Захотелось Настю окликнуть, но в самый последний момент Таня передумала. Вспомнила вдруг про лунатизм. Может быть, дело как раз в нем? Может, поэтому Настя и во двор выходит босая, и ведет себя так странно, потому что спит, не осознает, что делает? Когда-то еще от бедной Зоси Таня слышала, что лунатиков во время их ночных прогулок ни в коем случае нельзя окликать и тревожить, потому что от внезапного пробуждения они могут очень сильно испугаться и сделаться блаженными. Так говорила Зося – про блаженных. Поэтому Таня окликать Настю не стала, но на кровати села и даже ноги спустила на пол. По ногам тут же потянуло холодом. Кажется, входная дверь так и осталась открыта.
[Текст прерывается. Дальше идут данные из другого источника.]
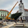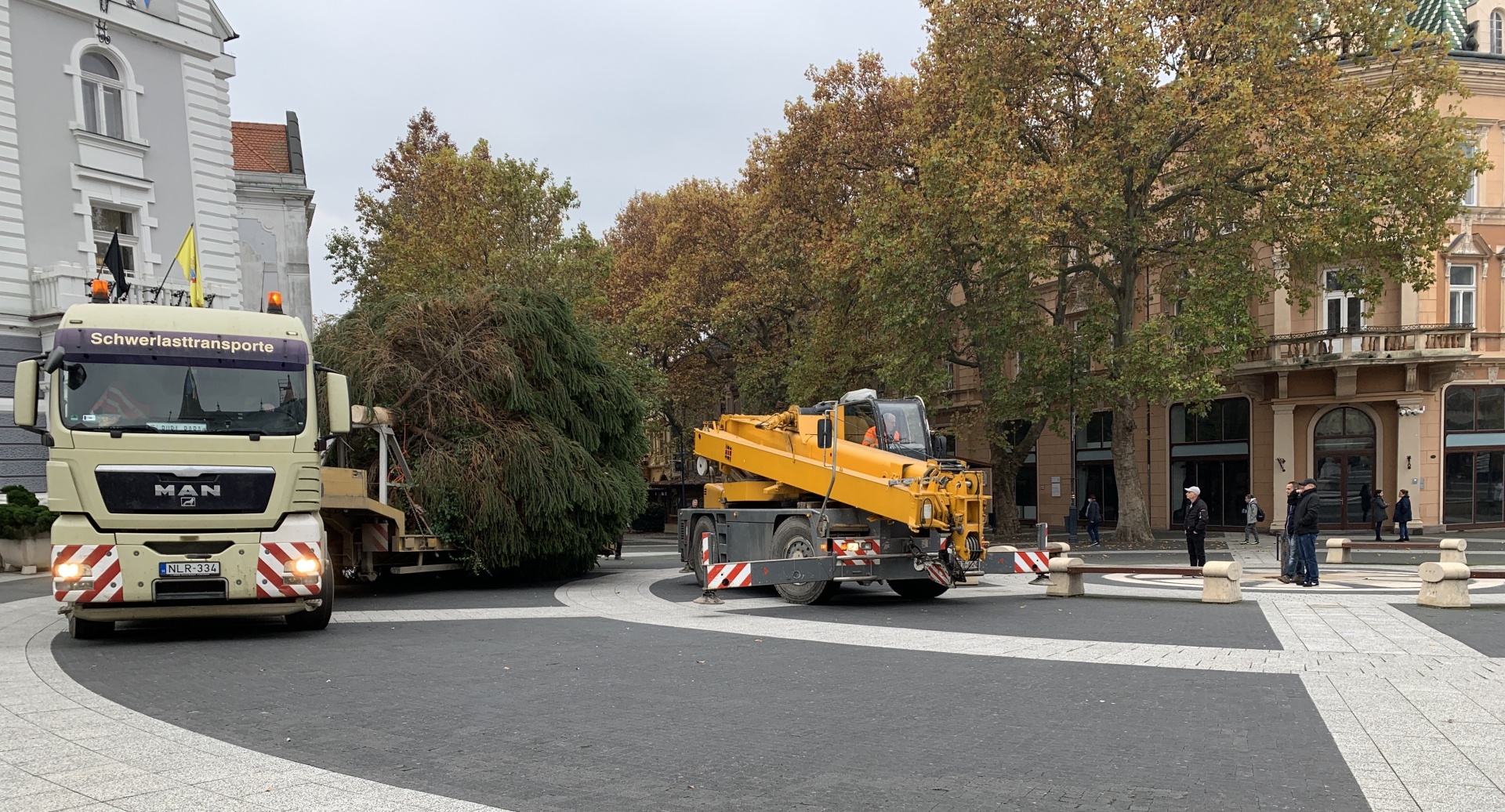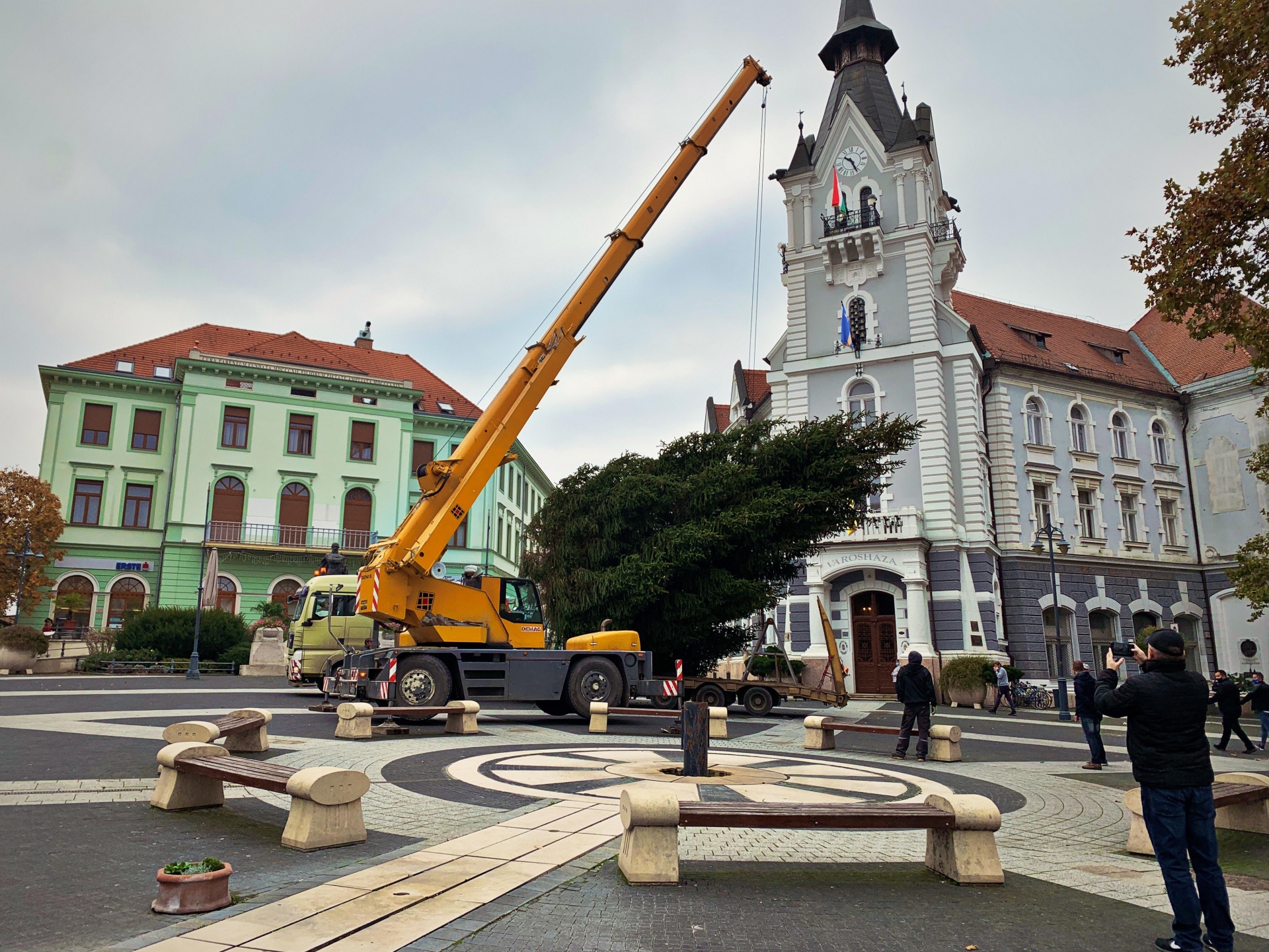 A mintegy 14 méter magas lucfenyőt egy helyi vállalkozás ajánlotta fel a város számára, amelyet kedden reggel vágtak és szállítottak a Kossuth térre.

А Настя с каким-то странным не то всхлипом, не то стоном встала на колени перед Сониной кроватью. Теперь Таня отчетливо видела ее черные от земли пятки и выпирающие из-под рубашки острые лопатки. Они, словно крылья, разошлись в стороны, когда Настя подняла вверх болезненно худые руки. Сначала подняла, а потом вцепилась – именно вцепилась! – в край Сониной кровати. О том, что лунатик может во сне навредить сам себе, Зося тоже рассказывала. А как насчет того, что он может навредить кому-то другому? Не нарочно – нечаянно.

Таня встала, поежилась от холода, сделала осторожный шаг, стараясь ступать так, чтобы не скрипнула ни одна половица. Каким-то шестым чувством она знала, куда нужно ступать. Шаг, еще шаг – и вот она уже за спиной у склонившейся над спящей Соней фигурой, и вот она может заглянуть ей через плечо…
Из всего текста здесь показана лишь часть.